## PROBLEM
Copy exactly the lines of the data below, beginning with the line with "방송인 전현무(48)가 2016년" and ending with the line with "Anti-panic function in". Pictures are to be omitted.

## TASK INPUTS
____________

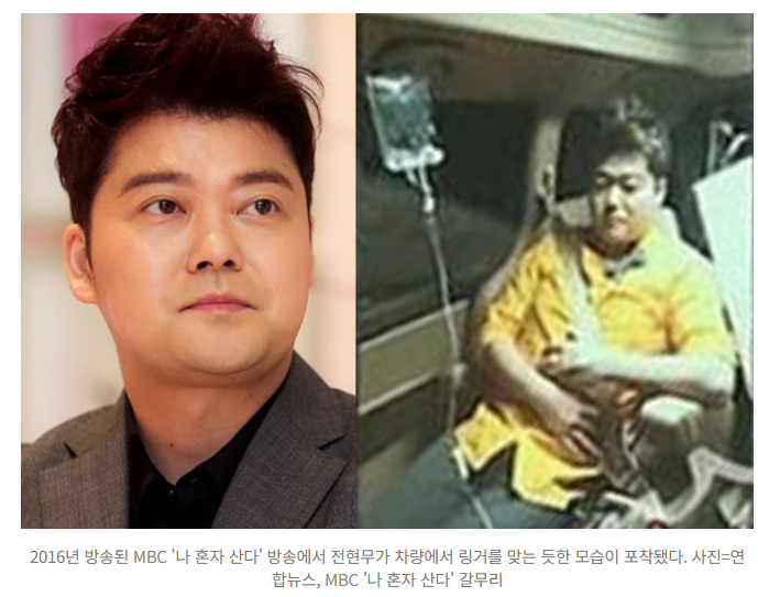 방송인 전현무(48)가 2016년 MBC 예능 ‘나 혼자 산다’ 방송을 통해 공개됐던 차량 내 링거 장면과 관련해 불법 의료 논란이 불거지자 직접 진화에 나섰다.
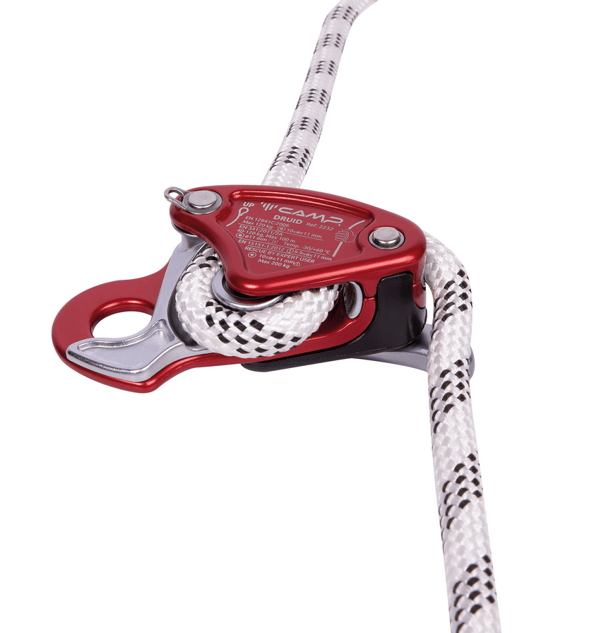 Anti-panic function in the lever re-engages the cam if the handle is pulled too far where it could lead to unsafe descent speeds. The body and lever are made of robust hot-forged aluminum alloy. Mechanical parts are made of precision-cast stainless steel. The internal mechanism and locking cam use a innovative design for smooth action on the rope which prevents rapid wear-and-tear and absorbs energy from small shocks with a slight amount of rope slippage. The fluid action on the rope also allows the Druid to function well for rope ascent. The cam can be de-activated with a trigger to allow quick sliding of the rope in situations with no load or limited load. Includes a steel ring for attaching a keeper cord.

____________

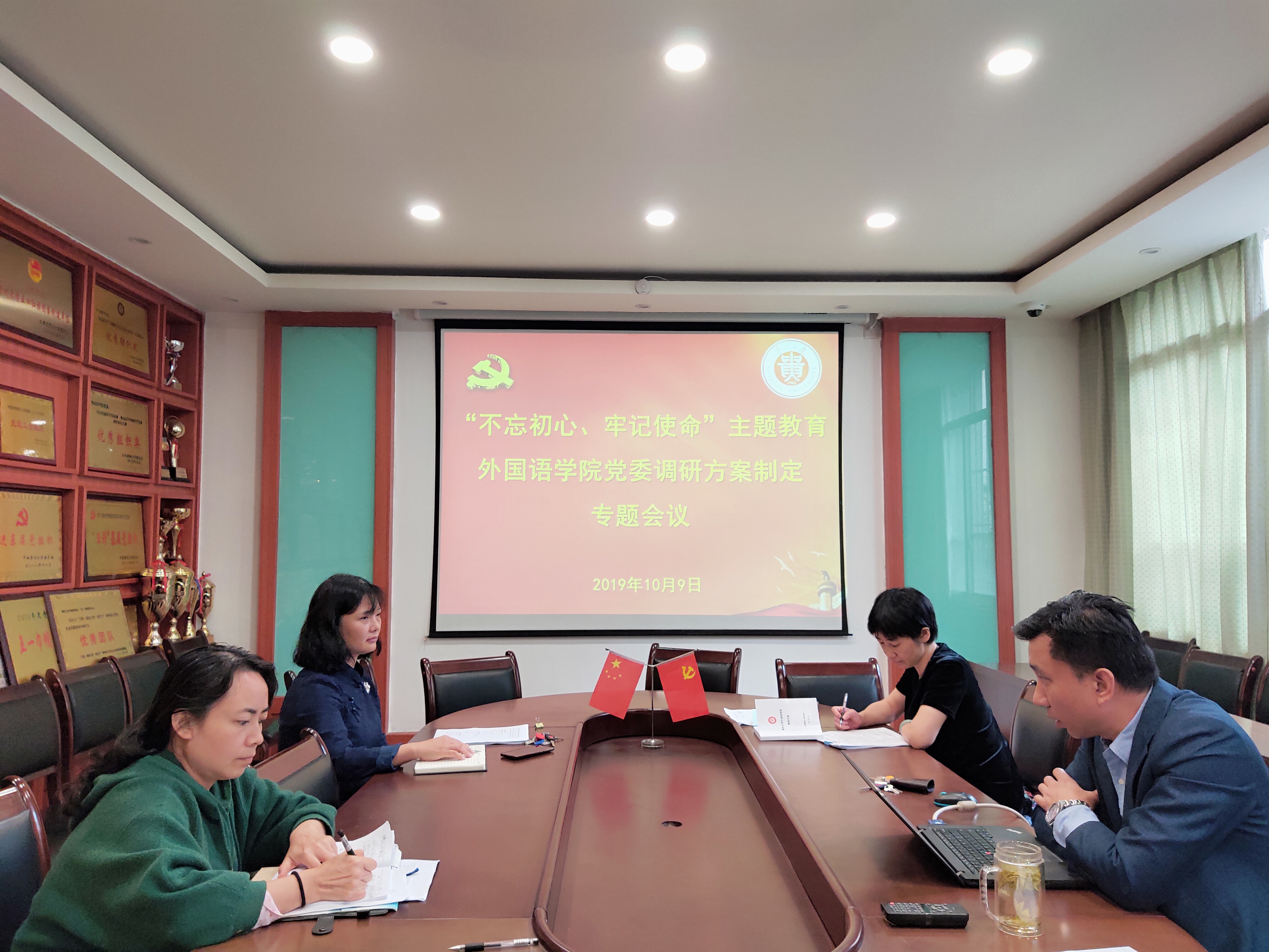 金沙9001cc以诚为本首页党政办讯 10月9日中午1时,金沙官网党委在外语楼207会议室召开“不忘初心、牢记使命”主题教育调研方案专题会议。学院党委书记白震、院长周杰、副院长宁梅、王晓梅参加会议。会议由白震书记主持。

____________

## RESPONSE BOX
 방송인 전현무(48)가 2016년 MBC 예능 ‘나 혼자 산다’ 방송을 통해 공개됐던 차량 내 링거 장면과 관련해 불법 의료 논란이 불거지자 직접 진화에 나섰다.
 Anti-panic function in the lever re-engages the cam if the handle is pulled too far where it could lead to unsafe descent speeds. The body and lever are made of robust hot-forged aluminum alloy. Mechanical parts are made of precision-cast stainless steel. The internal mechanism and locking cam use a innovative design for smooth action on the rope which prevents rapid wear-and-tear and absorbs energy from small shocks with a slight amount of rope slippage. The fluid action on the rope also allows the Druid to function well for rope ascent. The cam can be de-activated with a trigger to allow quick sliding of the rope in situations with no load or limited load. Includes a steel ring for attaching a keeper cord.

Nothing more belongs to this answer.